- Work to complete: Write out the data below in full, unchanged, minus the images.
___ Supplied information
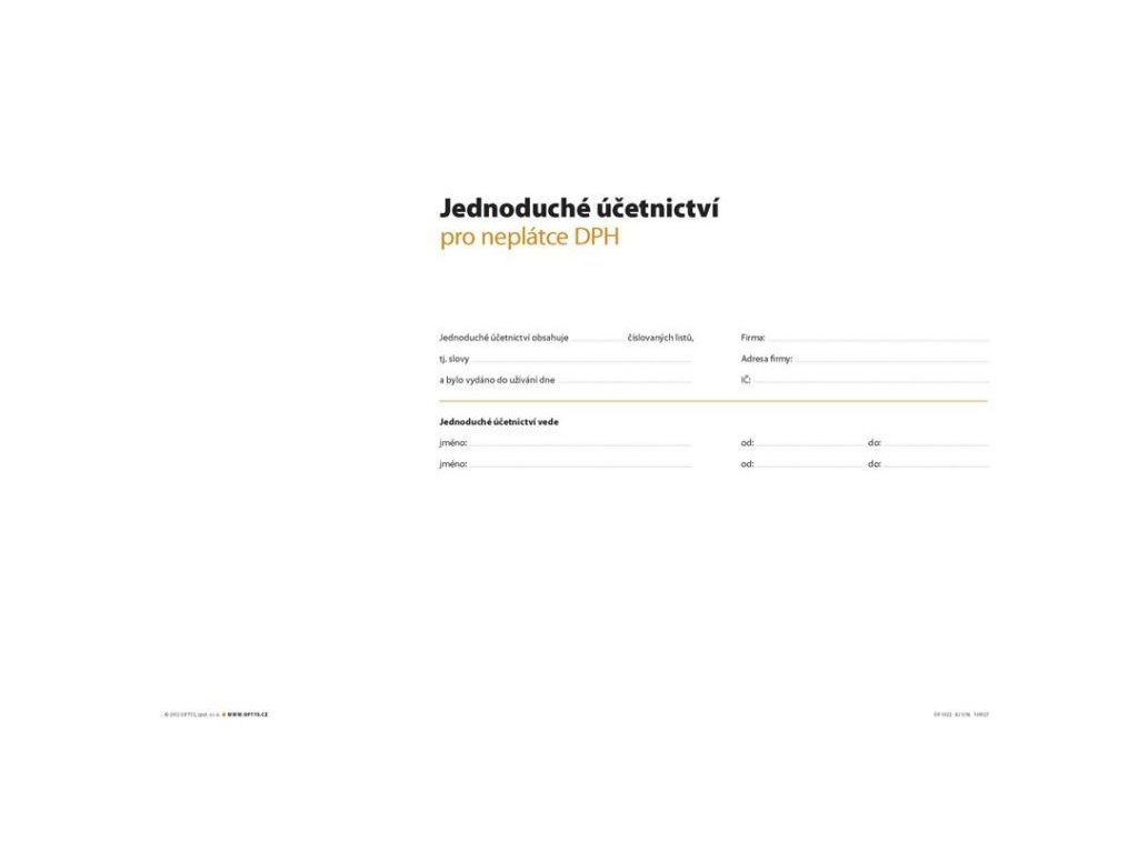 Nahrazuje dřívější "Jednoduché účetnictví pro neplátce DPH", nepropisovací ,formát A4 na šířku, 32 listůDoplňkové parametry
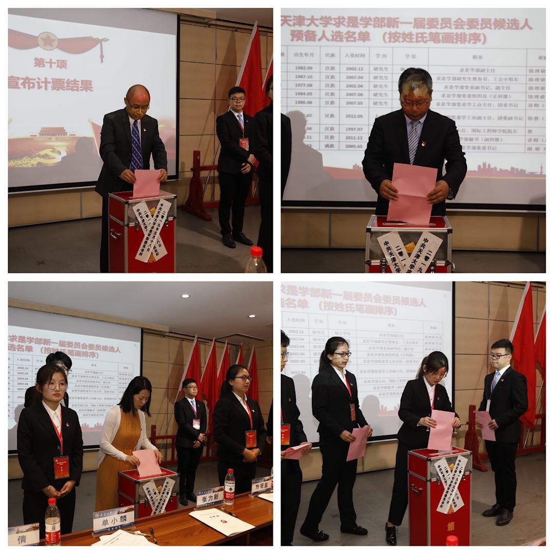 按照《中国共产党章程》和《中国共产党基层组织工作暂行条例》,采用无记名投票方式和差额选举的办法,大会选举产生中共天津大学求是学部新一届委员会委员(以姓氏笔画为序):于倩、王玮、纪颖、时子庆、 陈冠益、陈维、单小麟。
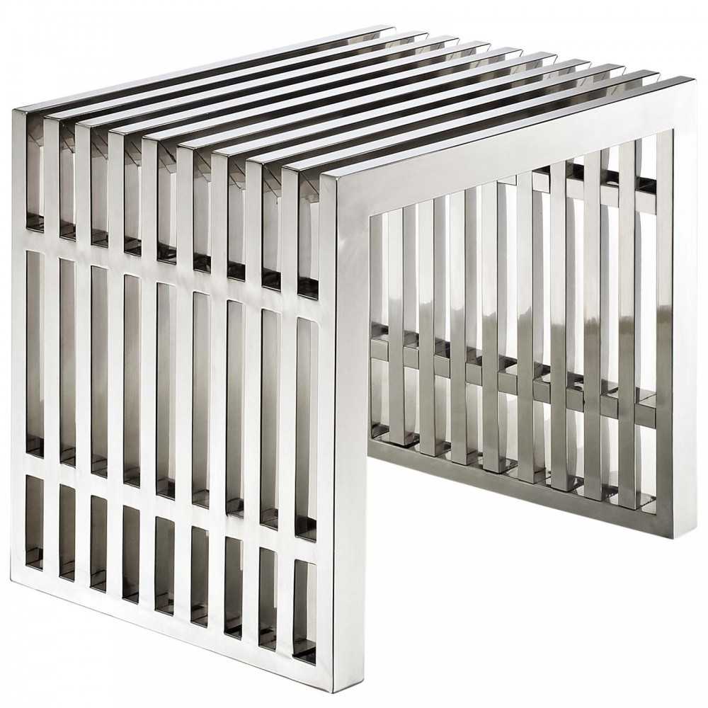 Silver rivers of laughter race back and forth in this high energy modern piece. Gridiron's sleek stainless steel bench contains a message of transformation and metamorphosis. Exuberance abounds as the strategic placement of this piece will radiate a happy atmosphere.
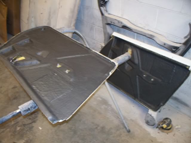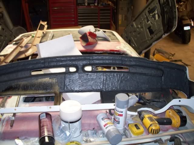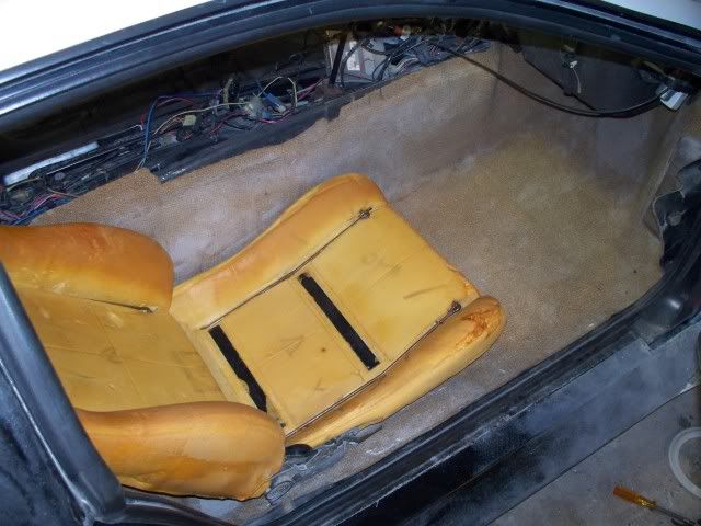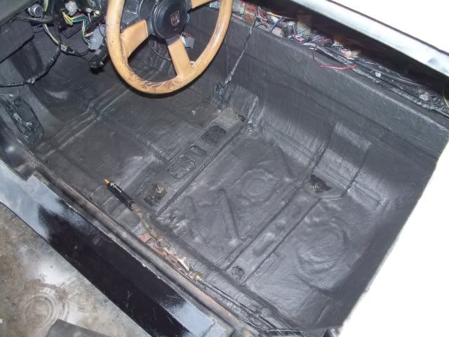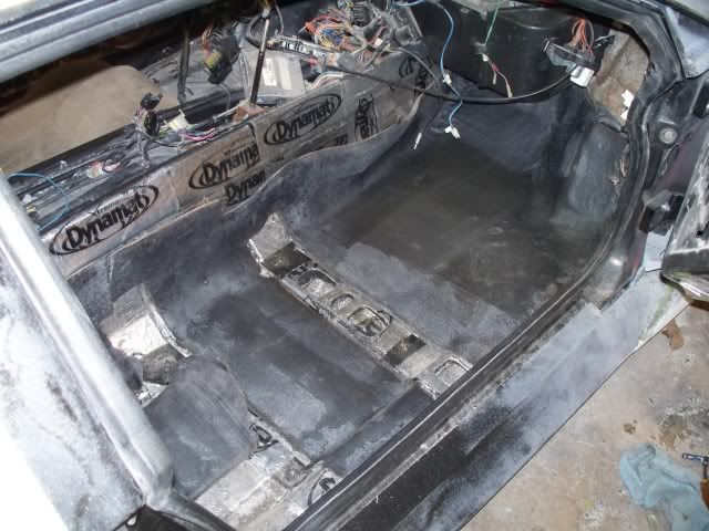 here are some pic's that I took last night. I finished all the sound proofing on the inside of the car and started test fitting the dash and door pannels as well as the seats. I am still not sure if I am going to use the stock Fiero seats but I want to get them as low as I can in the car so I don't hit my head on the roof. the whole inside of the car has been done in Dynamat and then painted over with the edead.
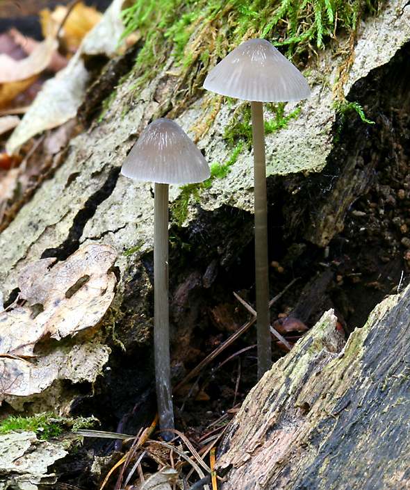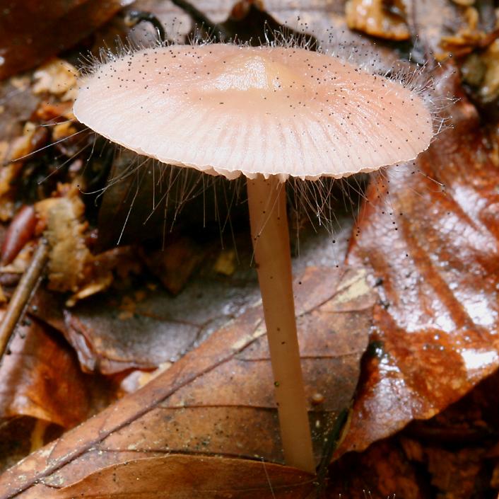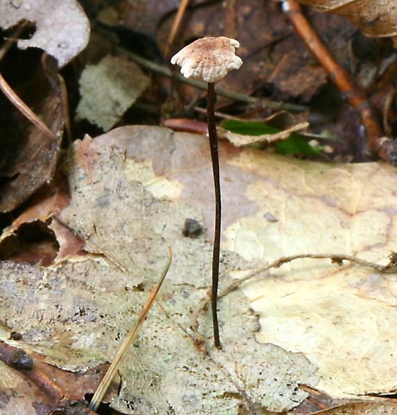 Here's a really tiny mushroom, growing directly out of a dead leaf! |
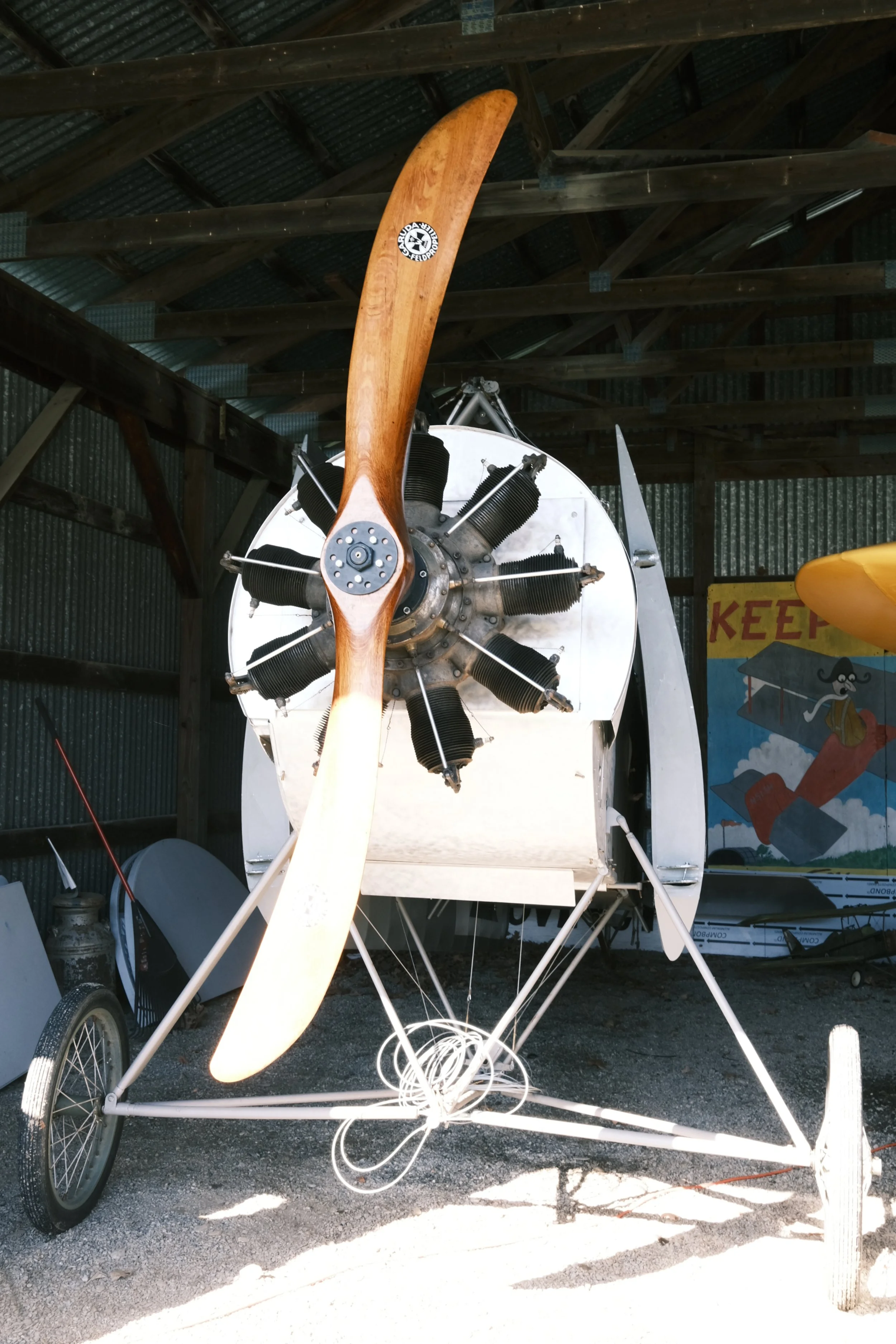 A Fokker Eindeker mono wing with the wings folded up tucked into one of the sheds at the Aerodrome. This airplane uses a rotary engine. With a rotary the whole engine casing rotates with the prop and the crankshaft is attached to the airframe. As you can imagine there is a fair amount of torque with this design.
______
- Result for this task:
 Nahrazuje dřívější "Jednoduché účetnictví pro neplátce DPH", nepropisovací ,formát A4 na šířku, 32 listůDoplňkové parametry
 按照《中国共产党章程》和《中国共产党基层组织工作暂行条例》,采用无记名投票方式和差额选举的办法,大会选举产生中共天津大学求是学部新一届委员会委员(以姓氏笔画为序):于倩、王玮、纪颖、时子庆、 陈冠益、陈维、单小麟。
 Silver rivers of laughter race back and forth in this high energy modern piece. Gridiron's sleek stainless steel bench contains a message of transformation and metamorphosis. Exuberance abounds as the strategic placement of this piece will radiate a happy atmosphere.
 here are some pic's that I took last night. I finished all the sound proofing on the inside of the car and started test fitting the dash and door pannels as well as the seats. I am still not sure if I am going to use the stock Fiero seats but I want to get them as low as I can in the car so I don't hit my head on the roof. the whole inside of the car has been done in Dynamat and then painted over with the edead.
 Here's a really tiny mushroom, growing directly out of a dead leaf! |
 A Fokker Eindeker mono wing with the wings folded up tucked into one of the sheds at the Aerodrome. This airplane uses a rotary engine. With a rotary the whole engine casing rotates with the prop and the crankshaft is attached to the airframe. As you can imagine there is a fair amount of torque with this design.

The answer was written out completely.